Testamentary Trust: Even if you decide to go with a will, you should still strongly consider creating a testamentary trust. This is a trust that is created and funded through the probate process, rather than during your lifetime. If you and your spouse pass away before your children turn 18 years old, then a court can appoint a guardian over the estate of your children. A court will closely monitor the guardian over the estate and expect them to make yearly filings and accountings of the child’s estate until the child reaches 18. Setting up a testamentary trust will allow the trustee to handle the child’s estate instead. The trustee would have the discretion to use the trust funds for the health, education, maintenance, and support of the child until he or she reaches the age they are to receive their inheritance outright. This age could be 18, but it need not be. It could be 21, 25, 30, or even older. It can also be done in installments at different ages (e.g. half at 21 and a half at 30).

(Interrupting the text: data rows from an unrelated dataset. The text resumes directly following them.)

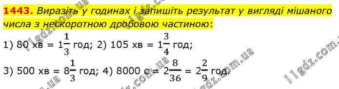 Виразіть у годинах і запишіть результат у вигляді мішаного числа з нескоротною дробовою частиною: 1) 80 хв = 11/3 год; 2) 105 хв = 13/4 год; 3) 500 хв = 81/3 год; 4) 8000 с = 28/36 = 22/9 год.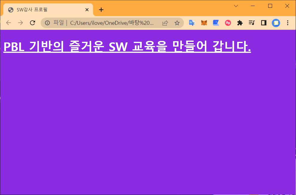 - body { background-color: blueviolet } : body의 배경색에 blueviolet을 적용한다는 의미입니다. 색상을 바꾸고 싶다면 blueviolet 대신 다른 color를 입력하면 됩니다.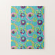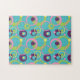 Der hellblaue Hintergrund ist mit einem trendigen Muster von Kreisen, Punkten und Ringen in verschiedenen lebhaften Farben, darunter Rosa, Grün, lila und Gelb, geschmückt.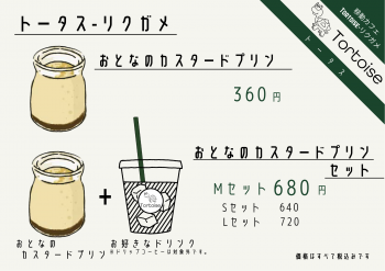 Tortoise-リクガメのオススメメニューはカスタードプリンです。カスタードプリンは毎回開始1時間ほどで完売してしまうほどの人気です。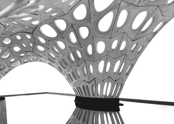 In addition to these evocative elements, perhaps the composite material’s most astounding feat is its transparency. “It really challenges what you think of as a structure because these materials like glass fiber are translucent,” says Prado, who used Autodesk PowerMill to fabricate the tower.

Guardian and Trustee: If you have minor children, you will have to name a guardian in your will in case you and your spouse are not around to raise your child. However, that person is not necessarily the same person designated to act as the trustee of the living or testamentary trust. Naming the same person to act as guardian and trustee can definitely cut down on administration difficulties. However, designating separate individuals for each role has the benefit of checks and balances. It protects the funds in the trust from being misused by the guardian. The trustee can veto the distribution if they feel it isn’t necessary for the child’s health, education, maintenance, and support.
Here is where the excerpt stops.